莫离看了他一眼,嘴角动了动:“你背书还挺押韵。”

“我写过论文。”他抹了把脸上的海水,“《先秦命名学与血脉觉醒机制的关联性初探》,发表在《考古人类学报》增刊,引用率不高,但这时候特别有用。”

而此刻,在海底深处,血鹰正将机械臂缓缓插入地脉裂隙。黑色符链如活物般蔓延,缠绕向岛屿根基。他的右眼投影出同步倒计时:【地脉共振进度 67%】。与此同时,记忆碎片在他脑中闪回——年轻的他跪在书院地窖,手中玉简背面刻着两行铭文:“以伪破真”与“以真鉴伪”。灰尘覆盖的卷轴堆叠如山,其中一枚玉简突然泛起诡异红光,映出伪造的文心图谱。他喃喃:“既然真可被伪造,那我便以假证真。”

那时他还只是个少年,手指颤抖地翻动古籍,却发现同一段文心术在不同典籍中竟有细微出入。他追问师父,却被斥为“妄议先贤”。直到深夜潜入禁藏阁,他在一堆废弃玉简中发现一套完整的伪造流程——从笔画偏移度到气息共鸣频率,全都被精心篡改。而主导这一切的,竟是当时最受尊崇的三位大儒。他跪在冷石地上,听见外面传来脚步声,紧接着是锁链拖地的声音。第二天清晨,师父被当众剥夺文脉,贬为庶人。临走前,老人回头看了他一眼,嘴唇动了动,却没发出声音。那一刻,他明白了:真相若不能掌控权力,就会被权力吞噬。

两人踏上陆地那一刻,脚下震动了一下。岩壁裂开一道缝,里面传出低频嗡鸣,像是有东西在苏醒。

“走!”李信一把推开她,自己扑向旁边一块凸起的石碑。他扯下手套,掌心血纹贴上去,瞬间闭眼。

画面闪回:千年前的地底熔炉,九根铜柱环绕中央剑匣,一个披着黑袍的人跪在前面,嘴里念着听不清的咒语。紧接着,画面跳转到三十年前,雪夜里,一位老妇人将三枚银环嵌入地脉裂隙,低声说:“火种不灭,门不开。”

“双重验证。”他睁开眼,额头冒汗,“要文心和武脉同时共振,才能唤醒地脉。”

“那你念啊!”莫离急了。

“不能出声。”他苦笑,“天道禁言锁,一说就炸。上次念《滕王阁序》错了个字,烟花放得比跨年还热闹。”

莫离翻了个白眼:“所以你现在得靠写字?”

“靠刻。”他从背包里抽出小刀,翻开防水袋里的金属膜,在上面一笔一划写下《剑邑赋》的残句。每一笔都带着血纹的微光,仿佛文字本身正在呼吸。当他写到“星沉月涌,文脉自通”时,脑海中突然闪过古碑边缘那些看似杂乱的凹槽——那是用先秦蝌蚪文编码的逆向密钥!他心头一震:原来真正的密码不在正文,而在边框的断裂纹路之中!

他忽然意识到,这些纹路并非随机磨损,而是按照《周髀算经》中的星轨偏移规律排列。每一个缺口都对应一次日蚀时刻,每一道折痕都指向特定节气的地磁波动。这根本不是锁,而是一张动态地图,只有用正确的文心频率去“读”,它才会显形。他屏住呼吸,调整下一笔的角度,让血纹能量顺着星轨走向流淌。

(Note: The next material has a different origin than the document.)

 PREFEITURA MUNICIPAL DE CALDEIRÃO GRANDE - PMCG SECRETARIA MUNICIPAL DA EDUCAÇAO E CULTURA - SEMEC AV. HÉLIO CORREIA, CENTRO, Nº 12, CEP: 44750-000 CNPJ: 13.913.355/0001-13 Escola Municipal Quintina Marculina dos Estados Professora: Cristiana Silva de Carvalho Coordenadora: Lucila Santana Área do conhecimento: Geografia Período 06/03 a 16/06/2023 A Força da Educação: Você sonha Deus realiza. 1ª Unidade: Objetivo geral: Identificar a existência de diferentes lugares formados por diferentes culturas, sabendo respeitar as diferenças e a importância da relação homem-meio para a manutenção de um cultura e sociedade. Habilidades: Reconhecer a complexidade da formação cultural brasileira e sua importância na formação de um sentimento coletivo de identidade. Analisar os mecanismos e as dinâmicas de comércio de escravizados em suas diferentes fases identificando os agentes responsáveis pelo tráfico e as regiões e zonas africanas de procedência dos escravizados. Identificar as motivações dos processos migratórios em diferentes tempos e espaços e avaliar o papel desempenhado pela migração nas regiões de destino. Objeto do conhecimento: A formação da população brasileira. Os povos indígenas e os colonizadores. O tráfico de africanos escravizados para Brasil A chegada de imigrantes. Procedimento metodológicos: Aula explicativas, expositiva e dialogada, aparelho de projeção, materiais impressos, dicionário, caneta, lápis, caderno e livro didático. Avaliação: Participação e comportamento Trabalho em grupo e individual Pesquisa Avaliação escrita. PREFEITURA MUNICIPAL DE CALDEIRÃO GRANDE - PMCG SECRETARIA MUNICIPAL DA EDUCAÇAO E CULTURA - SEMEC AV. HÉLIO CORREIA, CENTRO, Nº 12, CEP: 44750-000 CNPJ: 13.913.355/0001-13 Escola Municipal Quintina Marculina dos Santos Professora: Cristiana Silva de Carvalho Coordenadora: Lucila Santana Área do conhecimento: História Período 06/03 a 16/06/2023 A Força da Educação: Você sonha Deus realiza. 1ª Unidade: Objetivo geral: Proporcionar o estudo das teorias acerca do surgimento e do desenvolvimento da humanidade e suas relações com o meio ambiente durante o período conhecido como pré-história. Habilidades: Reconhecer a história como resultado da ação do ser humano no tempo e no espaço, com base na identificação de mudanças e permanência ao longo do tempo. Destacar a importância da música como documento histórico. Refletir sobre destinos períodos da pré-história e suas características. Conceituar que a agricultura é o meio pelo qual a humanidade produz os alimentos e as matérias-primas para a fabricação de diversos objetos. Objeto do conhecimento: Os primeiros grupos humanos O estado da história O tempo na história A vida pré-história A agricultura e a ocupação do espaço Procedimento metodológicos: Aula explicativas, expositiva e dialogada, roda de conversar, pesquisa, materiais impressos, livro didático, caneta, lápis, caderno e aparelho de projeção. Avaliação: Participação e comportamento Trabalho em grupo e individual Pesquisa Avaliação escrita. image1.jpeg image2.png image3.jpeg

指尖用力,每一道笔画都带着血纹的微光。写完最后一个字,他把膜贴在石碑上,轻声说:“来吧,老祖宗,今天咱们搞点非标操作。”

石碑震了三下,然后静止。

几秒后,整座岛猛地一抖,岩层剥落如老龙蜕鳞,露出内部青铜齿轮的森白齿尖,层层咬合,缓缓转动,发出沉闷的咬合声,仿佛整座岛屿是一具沉睡千年的巨大机关。

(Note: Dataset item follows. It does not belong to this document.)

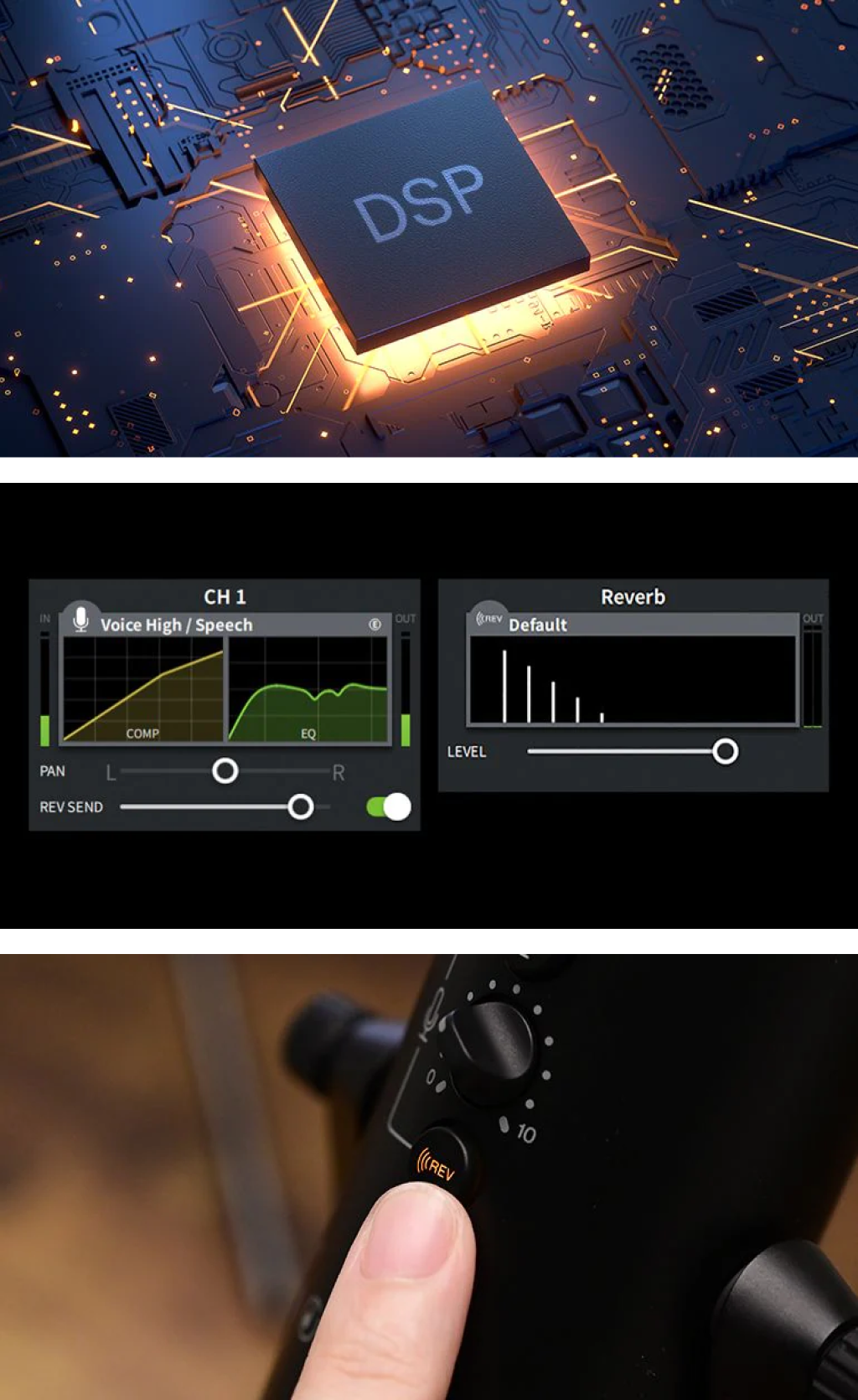 AG01 sở hữu các hiệu ứng DSP chất lượng cao hệt như các mẫu dòng AG khác, cho phép dễ dàng thêm COMP/EQ và REVERB để tô điểm và gọt giũa âm thanh, mang tới chất âm tốt nhất có thể để phát cho khán giả. Cùng với đó, các công cụ trên được xử lý bằng chip DSP tích hợp, bởi vậy không hề có độ trễ, điều này khiến chúng đặc biệt giá trị đối với công việc phát trực tiếp đòi hỏi độ chính xác đến từng thời điểm.

阶梯尽头,一口巨大的青铜剑匣静静悬浮在半空,表面刻满古老符文,正中央凹陷出一个掌印形状。

“这就是雄剑‘序’的第一截封印地。”李信盯着那掌印,“只有未被契约绑定的人才能碰。”

莫离低头看着自己的手,又看了看他:“所以,我是唯一能开门的?”

“理论上是。”他点头,“但代价可能是意识沉入地脉,永远醒不来。”

“容器若不知自己盛着什么,破碎时连回声都发不出。”她冷笑一声,往前走了两步,“可谁规定,备用品就不能反手把主人踹下神坛?”

她抬起手,毫不犹豫按了上去。

刹那间,银白色光芒从她体内涌出,顺着血脉流向掌心。光芒中浮现出细小文字,如同星辰排列,竟与李信ar眼镜扫描出的敦煌残卷批注完全吻合——那是失传已久的《守炉者名录》片段,记载着历代“无契之人”的觉醒特征。她的血脉,正是远古守护者的直系传承。

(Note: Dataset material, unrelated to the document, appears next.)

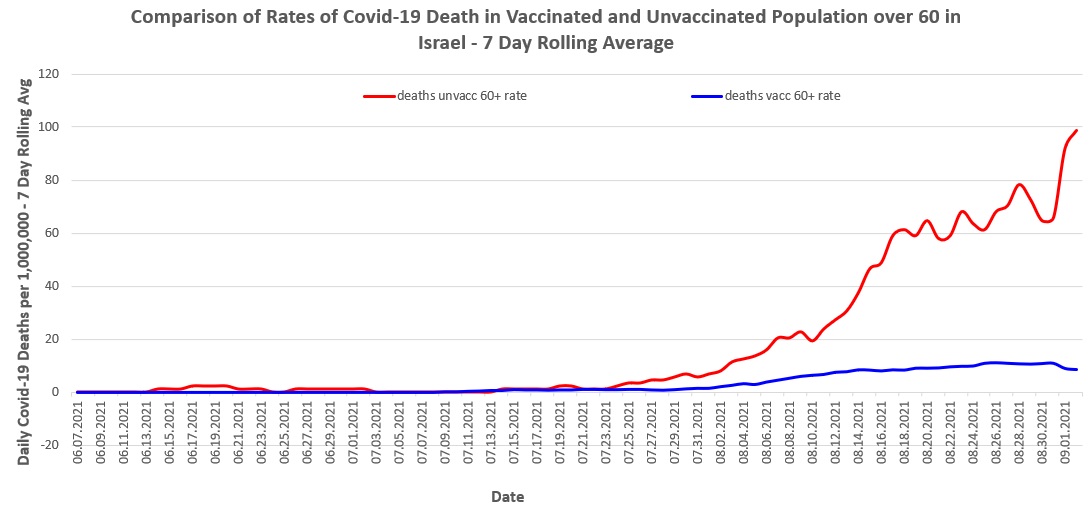 [ABN: Lacking for me in this worthy analysis is death by vaccine. This number should be added to death for vaccinated who get covid. Even in Israel we do not seem to have good figures for vaccine mortality. Steve Kirsch has put the number as high as 150K in USA. ABN]

剑匣上的符文逐一亮起,原本死寂的空间里响起一阵清越的剑鸣,夹杂着类似编钟的残响,空气中弥漫铁锈与海盐混合的腥气,她的手掌因能量激荡结出冰晶,又瞬间蒸腾为水雾。

李信屏住呼吸,盯着那道光。没有黑气,没有反噬,甚至连系统警告都没出现。这扇门认她。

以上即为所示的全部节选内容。